Unverpackt- wie macht ihr das?

Hey zusammen,

wir hätten gern weniger Müll bei uns zuhause. Nun hat ein Unverpackt-Laden eröffnet. Ich trau mich nur nicht so recht.

Wie macht man das denn? Hat man dann Plastik-Boxen für den Transport nach Hause und füllt dann Zuhause um? ich will ja gern Marmelade kaufen BEVOR diese leer ist. Das heißt ja, die Verpackung ist noch belegt wenn ich einkaufen gehe.
Oder hab ihr alle Verpackungen doppelt? Oder nur einige? Das sieht immer alles soooo super toll aus, in den Blogs und Magazinen, aber in der realität mit drei Kindern (fünf eigentlich, zwei wohnen woanders, sind schon groß) fehlt mir irgendwie die Grundlage. Wir kaufen ja 10 Liter Milch jede Woche. Ich bin mir grad nicht so sicher wo ich die leeren Verpackungen lagern soll und das Abfüllen im Laden, während die Kinder natürlich artig warten, ist noch ein ganz andere Kapitel.

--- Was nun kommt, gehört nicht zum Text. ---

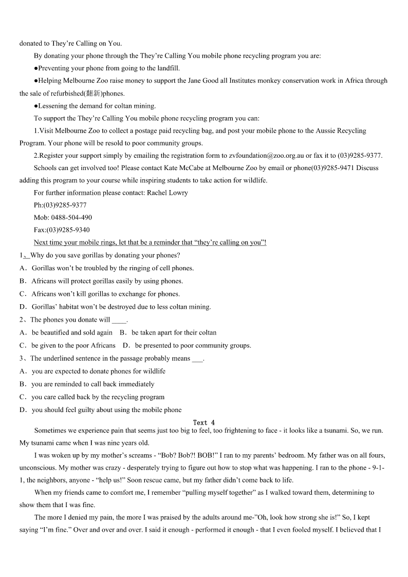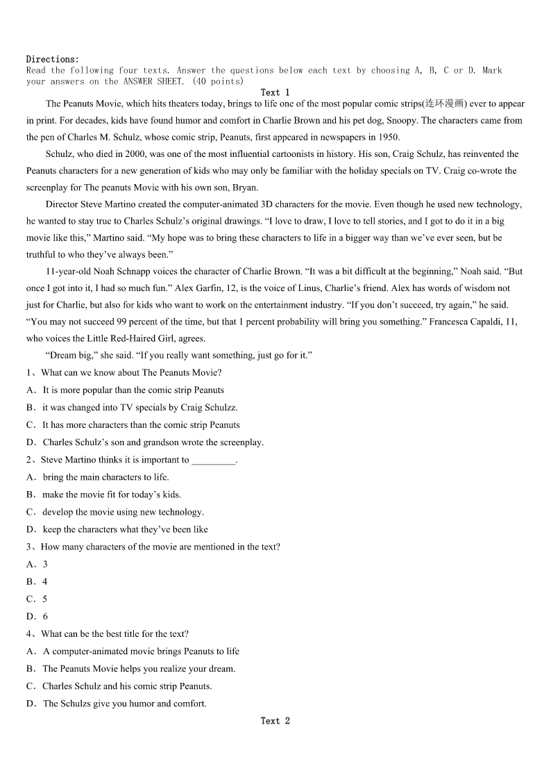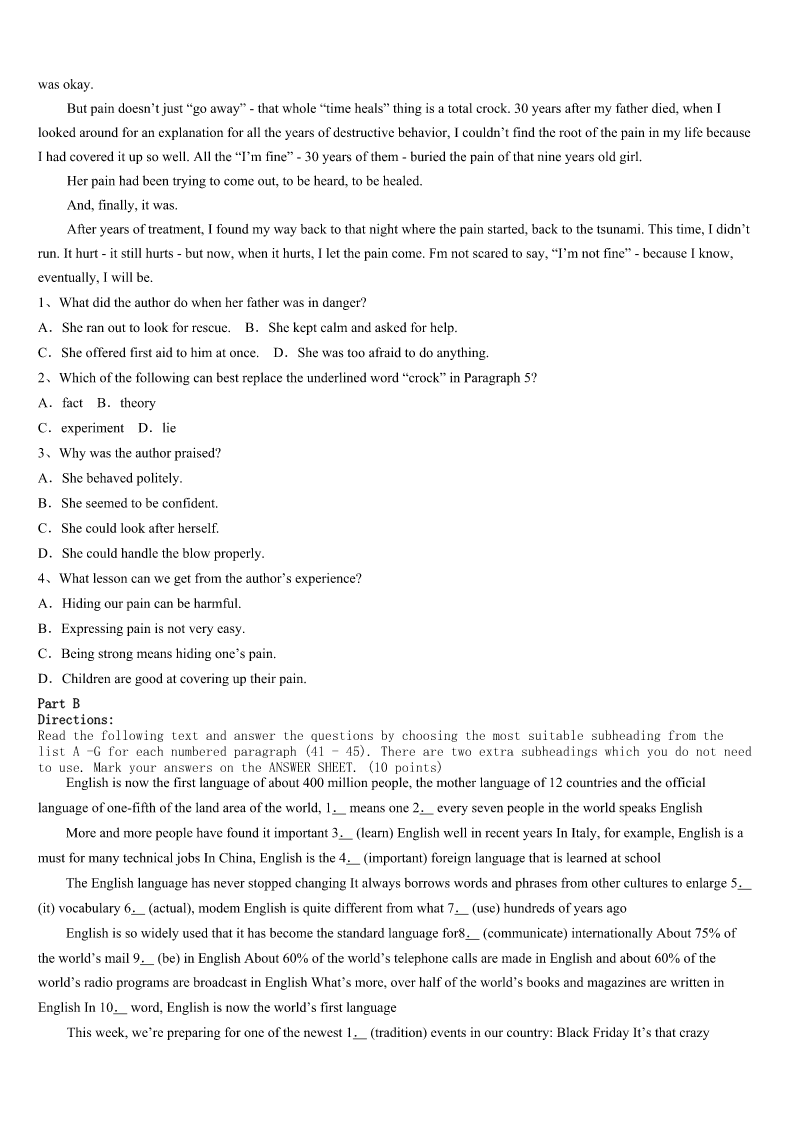 2023年寿阳县考研《英语一》全真模拟试题 SectionIUseofEnglish Directions: Readthefollowingtext.Choosethebestword(s)foreachnumberedblankandmarkA,B,CorDonthe ANSWERSHEET.(10points) DustyismysonJack'sfavoritepet.Theyhaveaspecialconnectionthatisa1tosee.Aftershefinishesherdinnerat night,DustywillrunintoJack'sroomto2onthepillowbesidehDuringthedayshe'll3himaround,jumpintohis.and even4witha“meow”everytimehecallshername. 5,afewweeksagoDustybegantolose6.Sheatelessandlessandlostsomeofherfur.She7goingafterJack aroundandhidinmydaughter'soldcloset(壁橱).She8onlytodrinkwaterandthenquicklyreturnedthere.Iwas9that weweregoingtoloseherandprayedtoGodthatshe'dreturnto10.Ididn'twantJacktolosehisfurryfriend.11after afewweeksshestartedtospendtimeoutsidethe12again.Inaddition,her13recovered.Soonherfurgrewbackand shegainedweight.Onceagainshebecamemyson'sconstant14andIthankedGodforbringingherbacktohim. Ican15whyshe'dgoneoffbyherselftotakethetimetoheal(康复)fromherillness.Therehavebeenmanytimes inmyownlifewhenfear,sicknessandsadnesshavebeatenmeandI'vejustneededtofindaquietplaceinmyown16to thinkandtoheal. 17,everytimeI'vedonesomyheartisfilledwithGod's18,makingmebetterandstrongerthanIwasbefore. Whenlifebeatsyoudown,don't19.Gowithin.AllowGod’slovetofillyouandtohealyou.Andthengooutand20 thatlovewiththeworld. 1、A.shockB.delightC.honorD.prize 2、A.sleepB.hideC.huntD.guard 3、A.LookforB.runintoC.guideD.follow 4、A.rewardB.challengeC.answerD.impress 5、A.BesidesB.HoweverC.ThereforeD.Instead 6、A.memoryB.sightC.hearingD.weight 7、A.delayedB.riskedC.stoppedD.escaped 8、A.cameoutB.setoutC.calledoutD.workedout 9、A.embarrassedB.disappointedC.relievedD.worried 10、A.safetyB.healthC.calmD.peace 11、A.ThankfullyB.InterestinglyC.MercifullyD.Undoubtedly 12、A.pillowB.suitcaseC.closetD.kitchen 13、A.prideB.appetiteC.confidenceD.D.curiosity 14、A.relativeB.colleagueC.neighborD.companion 15、A.proveB.forecastC.understandD.guarantee 16、A.soulB.viewC.choiceD.opinion 17、A.HonestlyB.JoyfullyC.EventuallyD.Regretftilly 18、A.behaviorB.happinessC.wordsD.love

Geht das überhaupt? Für Familien? Oder doch nur für berliner Öko-Blogger?;-)

Kennt sich da jemand aus?

Herzliche Grüße

Antworten

Fashymama (Profil) schrieb am 28.04.2021 16:05

Ich würde klein anfangen.
Wir holen Milch vom Bauern in Glasflaschen. Da haben wir tatsächlich 14 obwohl wir nur 6 l holen. Ich bestelle eine Biokiste und sage, dass ich keine Verpackung will. Also manches kommt in Papiertüten...
Unverpackladen läuft hier noch nicht so super, da die manches nicht haben( z.b. Dinkelnudeln), anderes ist so megateuer, dass es mit 6 Personen einfach nicht geht.
Man kann entweder sein normales Gefäß mitnehmen, oder einfach Tupper oder ein Glas und zu Hause umfüllen. Ich denk das ist echt Geschmacksache und du musst für dich rausfinden was praktisch ist.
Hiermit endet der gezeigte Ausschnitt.